We also compared the performance of online iNMF, Seurat, Harmony and BBKNN when integrating two datasets of different modalities (Extended Data Fig. 3). Harmony and BBKNN showed inferior alignment, possibly because these approaches were not originally designed for multi-modal integration, unlike LIGER and Seurat. In contrast, both LIGER and Seurat produced UMAP visualizations indicating successful alignment of snRNA-seq and snATAC-seq data. Furthermore, the kBET and alignment metrics indicate that LIGER (alignment score = 0.714, kBET = 0.574) better integrates that datasets than either Seurat (alignment score = 0.481, kBET = 0.231) or Harmony (alignment score = 0.113, kBET = 0.041).

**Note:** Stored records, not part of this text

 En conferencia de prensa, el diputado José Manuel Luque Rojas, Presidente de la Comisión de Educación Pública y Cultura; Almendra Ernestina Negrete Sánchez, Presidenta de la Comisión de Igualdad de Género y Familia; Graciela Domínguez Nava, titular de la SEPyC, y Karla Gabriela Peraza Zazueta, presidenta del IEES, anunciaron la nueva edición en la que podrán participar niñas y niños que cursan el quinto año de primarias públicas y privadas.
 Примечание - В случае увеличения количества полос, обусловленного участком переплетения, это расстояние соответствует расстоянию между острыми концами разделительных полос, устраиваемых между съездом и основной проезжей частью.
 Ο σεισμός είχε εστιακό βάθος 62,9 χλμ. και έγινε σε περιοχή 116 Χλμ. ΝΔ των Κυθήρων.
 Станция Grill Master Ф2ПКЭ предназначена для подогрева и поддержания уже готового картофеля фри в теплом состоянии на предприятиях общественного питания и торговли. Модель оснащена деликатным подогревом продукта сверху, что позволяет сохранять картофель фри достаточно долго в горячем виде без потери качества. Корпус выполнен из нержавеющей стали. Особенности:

Online iNMF Rapidly Factorizes Large Datasets Using Fixed Memory

To demonstrate the scalability of our approach, we used online iNMF (scenario 1) to analyze the scRNA-seq data of Saunders et al., which contains 691,962 cells sampled from nine regions (stored in nine individual datasets) spanning the entire mouse brain. Using online iNMF, we factorized all of the datasets in 24 minutes on a MacBook Pro using about 1 GB of RAM. We note that the published analysis by Saunders et al. did not analyze all nine tissues simultaneously due to computational limitations, and that performing this analysis using our previous batch algorithm would have taken approximately 3.8 hours and 25 GB of RAM.

Cells within each class are well grouped together, and the distribution of neurons varies widely across regions, indicating neuronal subtypes specialized to different parts of the brain (Fig. 4a). For example, neurogenic cells are identified predominantly in the hippocampus and striatum, consistent with reports of hippocampal and striatal neurogenesis in adult mammals^7,15,16.

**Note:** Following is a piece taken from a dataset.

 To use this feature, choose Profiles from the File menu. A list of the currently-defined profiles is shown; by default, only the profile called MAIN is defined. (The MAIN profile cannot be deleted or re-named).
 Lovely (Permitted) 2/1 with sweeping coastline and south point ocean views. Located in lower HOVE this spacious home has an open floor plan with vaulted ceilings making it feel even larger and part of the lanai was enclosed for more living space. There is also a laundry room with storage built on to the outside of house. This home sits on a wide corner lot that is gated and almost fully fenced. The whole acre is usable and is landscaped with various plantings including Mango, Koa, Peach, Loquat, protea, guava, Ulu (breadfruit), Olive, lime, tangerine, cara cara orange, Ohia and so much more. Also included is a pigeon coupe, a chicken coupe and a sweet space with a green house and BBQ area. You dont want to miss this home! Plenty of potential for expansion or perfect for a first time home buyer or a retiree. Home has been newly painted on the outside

Figure 4. — a, UMAP visualization of the iNMF factors learned for each brain region, colored by published cell class. b, Dot plot showing the proportion of each of 40 clusters inferred from iNMF in each brain region. c, Proportion of cells from each cluster in every cell type. The cells in each cluster mostly correspond to a single cell type.

We used the factorization to group the cells into 40 clusters by assigning each cell to the factor on which it has the largest loading. We then examined differences in the regional proportions of each cell cluster. Neurons and oligodendrocytes show the most regional variation in composition, consistent with previous analyses¹⁷. The total proportion of oligodendrocytes varies by region, but individual subtypes of oligodendrocytes are not region-specific, as expected. In contrast, individual subtypes of neurons are highly region-specific, reflecting diverse regional specializations in neuronal function (Fig. 4b). We also investigated the biological properties of these cell factor loadings. Reassuringly, our cluster assignments largely represent subtypes within the broad cell classes and do not span class boundaries. As expected, neurons show by far the most diversity with eight subclusters. In contrast, ependymal cells, macrophages, microglia, and mitotic cells each correspond to only a single cluster (Fig. 4c).

To further demonstrate the scalability of online iNMF, we analyzed the mouse organogenesis cell atlas (MOCA) recently published by Cao et al.¹⁸. After filtering, MOCA contains 1,363,063 cells from embryos between 9.5 to 13.5 days of gestation. We performed online iNMF on this dataset in 25 min using about 1.9 GB of RAM on a MacBook Pro. By comparison, we were not able to run Harmony on a laptop because of its high memory usage; running Harmony on a large-memory server required 98 minutes and 109 GB of RAM. Note that online iNMF’s memory usage is higher for MOCA than for the mouse brain dataset primarily because of the higher value of $K$ and a larger number of variable genes, not because of the number of cells. UMAP visualization shows that the cells from all five gestational ages are well aligned (Fig. S1a), and the structure of 10 different developmental trajectories as defined by Cao et al. is also accurately preserved (Fig. S1b).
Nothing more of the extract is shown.